Eritrea is one of the three non-member states of the Arab League which adopted Arabic as a working language. Eritrea chooses not to be a part of the Arab League.

==Observer status==
In 1993, after independence, Eritrea adopted a policy of getting in touch with the Arab states, a move that several intellects in the country were divided upon, some preferring to join the Arab League as an Observer, others calling for joining as a Member, while others called for not getting in touch with the country's mostly Arab perimeter, with Sudan on its northwestern borders, Djibouti on the southeastern borders, and the Arabian Peninsula across the Bab el Mandeb.

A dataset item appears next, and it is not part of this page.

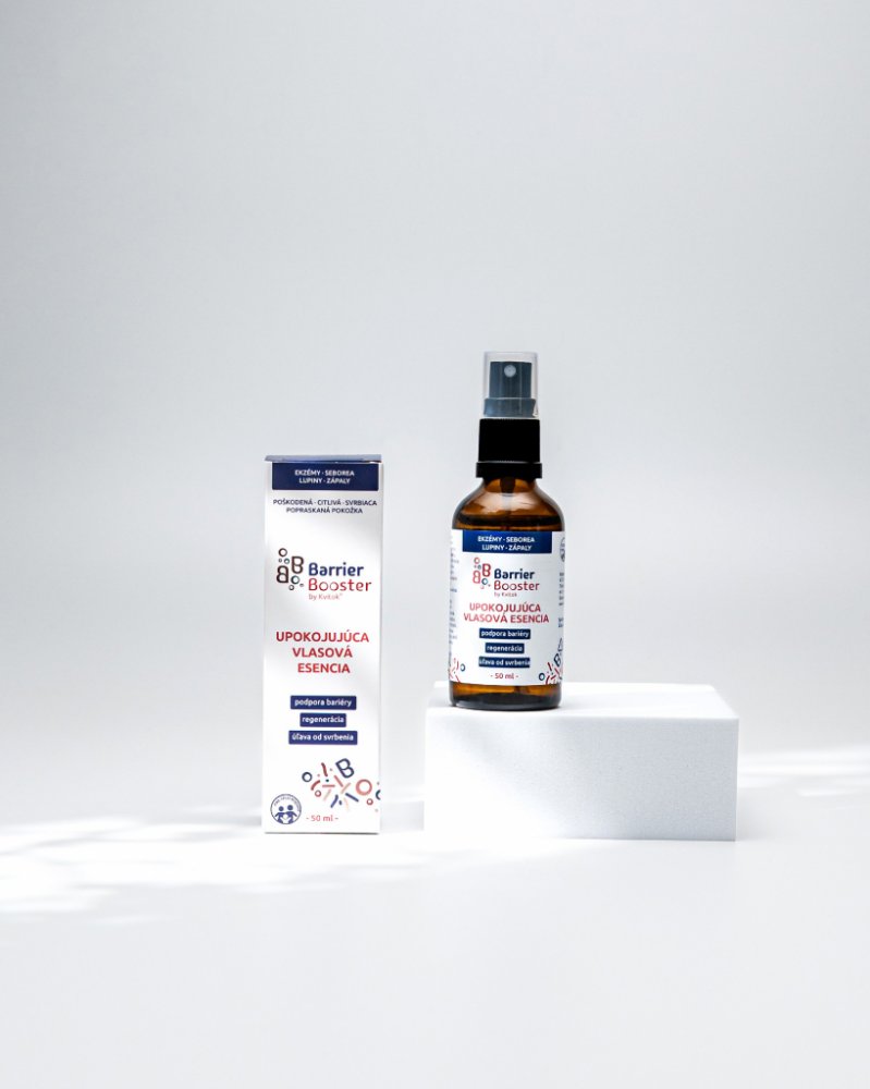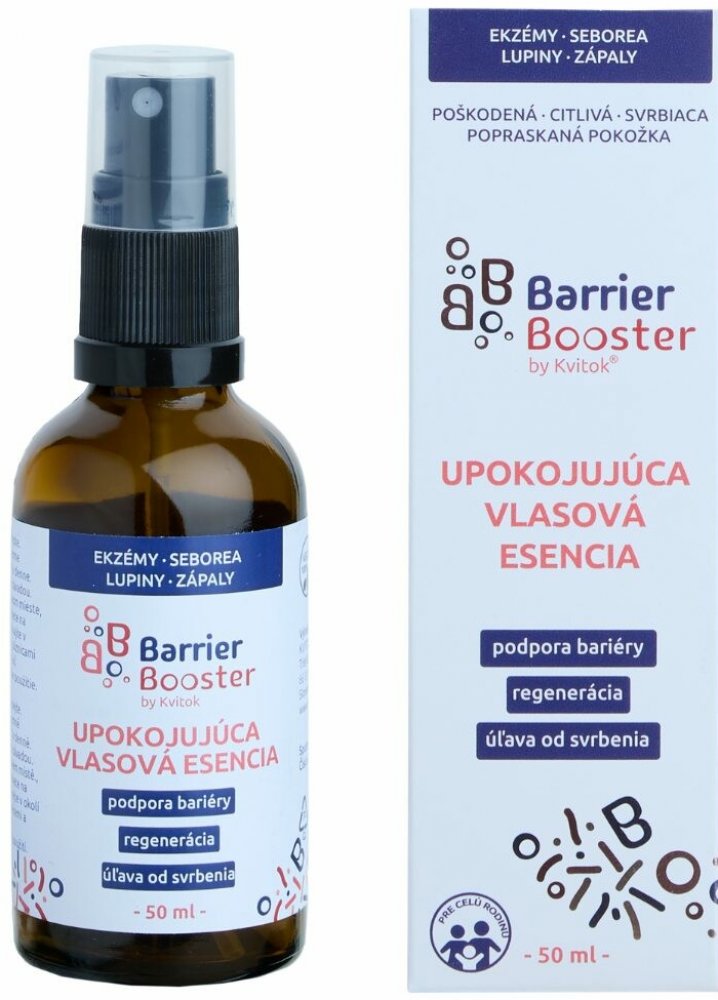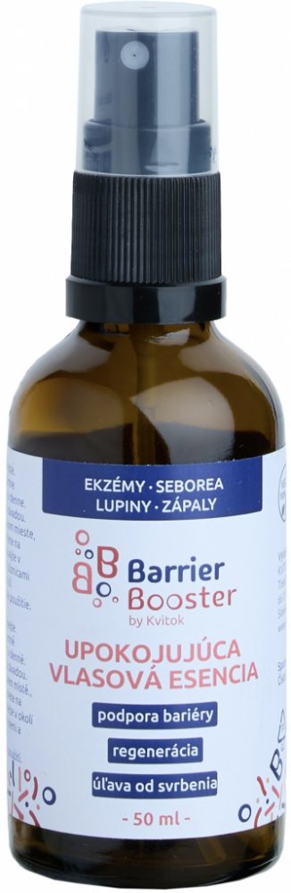 **Zklidňující vlasová esence Kvitok Barrier Booster účinně pečuje o citlivou, suchou, svědivou či podrážděnou vlasovou pokožku se sklonem k ekzému nebo seboree.** Esence **jemně hydratuje a zklidňuje pokožku hlavy** bez zatížení vlasových kořínků.

In 2003, Eritrea finally agreed on joining as an Observer, a country adopting Arabic language as a second Language, after a Presidential announcement that Eritrea will not be joining any regional organisation.

==Economic sanctions==
In 2010, the Eritrean president Isaias Afewerki, sent a letter to the Arab League Secretary-General Amr Moussa, calling for the Arab League's pressure on removing the latest UN sanctions over the country. The sanctions were enforced after his country was accused of supporting insurgents in Somalia, and were enacted in the UNSC by 13 of the 15 members.

==Tensions==
Eritrea has been in two conflicts with Arab League members: Yemen in a dispute over the Hanish Islands in 1996 resulted in a brief conflict, and clashes with Djibouti in 2008, over the Ras Doumeira region, where the Arab League held an emergency session in response to the fighting and called for Eritrea to withdraw from the border region.